Sorry, if title is unclear, here is the setup:
There is machine A
, running Linux. A
is part of university network and has single network interface with real IP. But connections from outside of campus to port 22 (and some others) are blocked at switch level, and this is impossible to change.
A
is running pptpd (localip {realip}, remoteip 10.0.0.100-200), and is NATing all connected clients (via iptables rule iptables -t nat -A POSTROUTING -o eth1 -s 10.55.248.0/24 -j MASQUERADE
).
It's possible to ssh to any of university machines via VPN-tunnel to A
, except A
itself, from outside (B
)
I understand that we cannot simply change the routing table on B
, since it would break the tunnel, but I'd really like to be able to ssh to A
from B
via VPN tunnel, since we cannot have a dedicated server for VPN, but instead use one of computational nodes, which itself needs to be accessible via ssh.

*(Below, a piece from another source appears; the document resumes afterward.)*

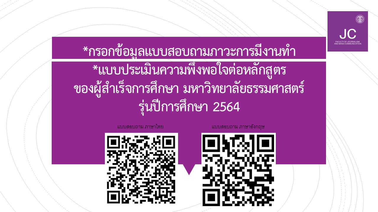 เรียน บัณฑิตคณะวารสารศาสตร์และสื่อสารมวลชน รุ่นปีการศึกษา 2564 ทุกท่าน ทั้งโครงการภาคปกติ (JC) และหลักสูตรนานาชาติ (BJM)
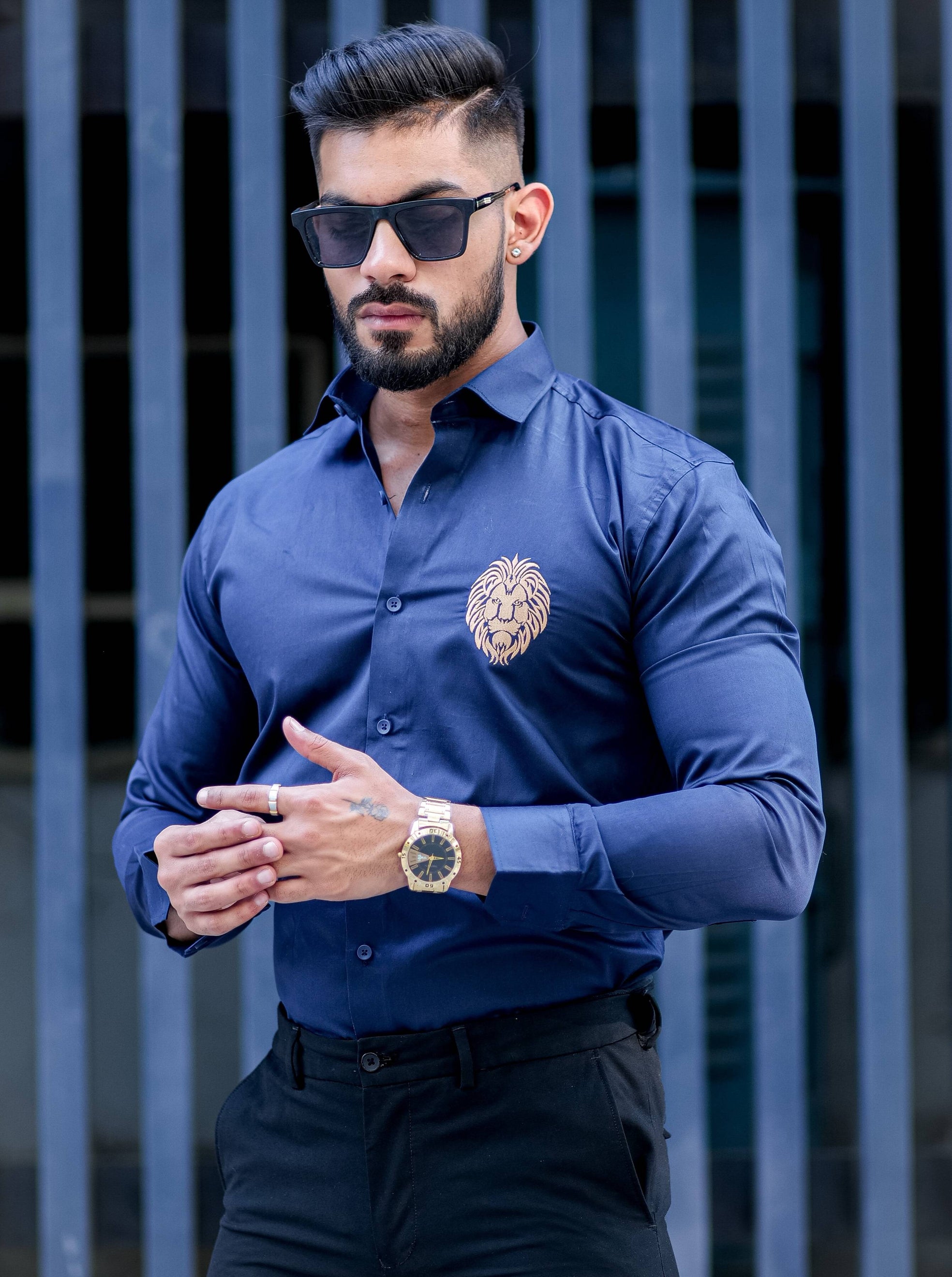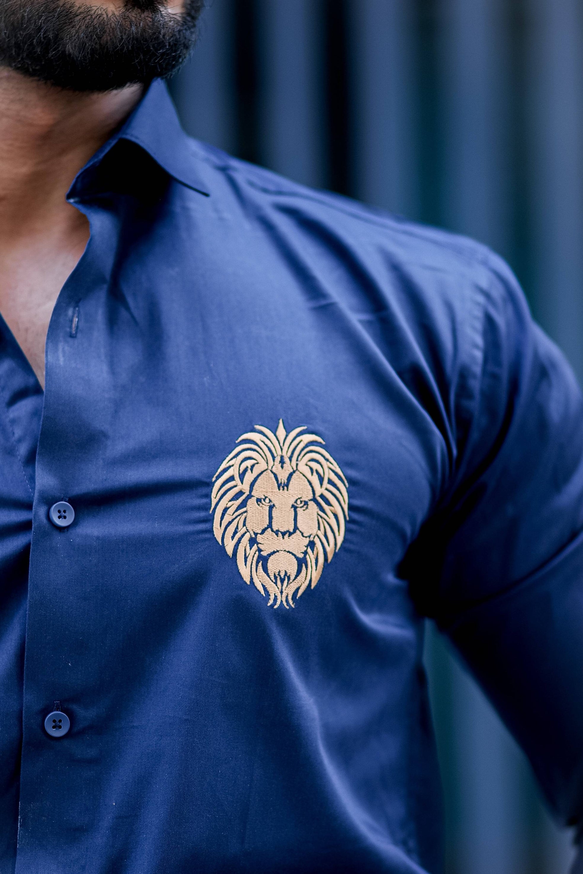 Mufasa Golden Embroidered Blue Premium Shirt For Men

So the question is: is it possible to somehow force part of traffic to VPN-server to go through vpn-tunnel to said server?
I understand, that it's possible to change ssh listening port, or add iptables
rule on B
, but B
is not a single machine, so it can be nearly any OS (well, unlikely something else than Windows or Linux, but anyway) and can be used by a person not willing to meddle with manually adding routing rules.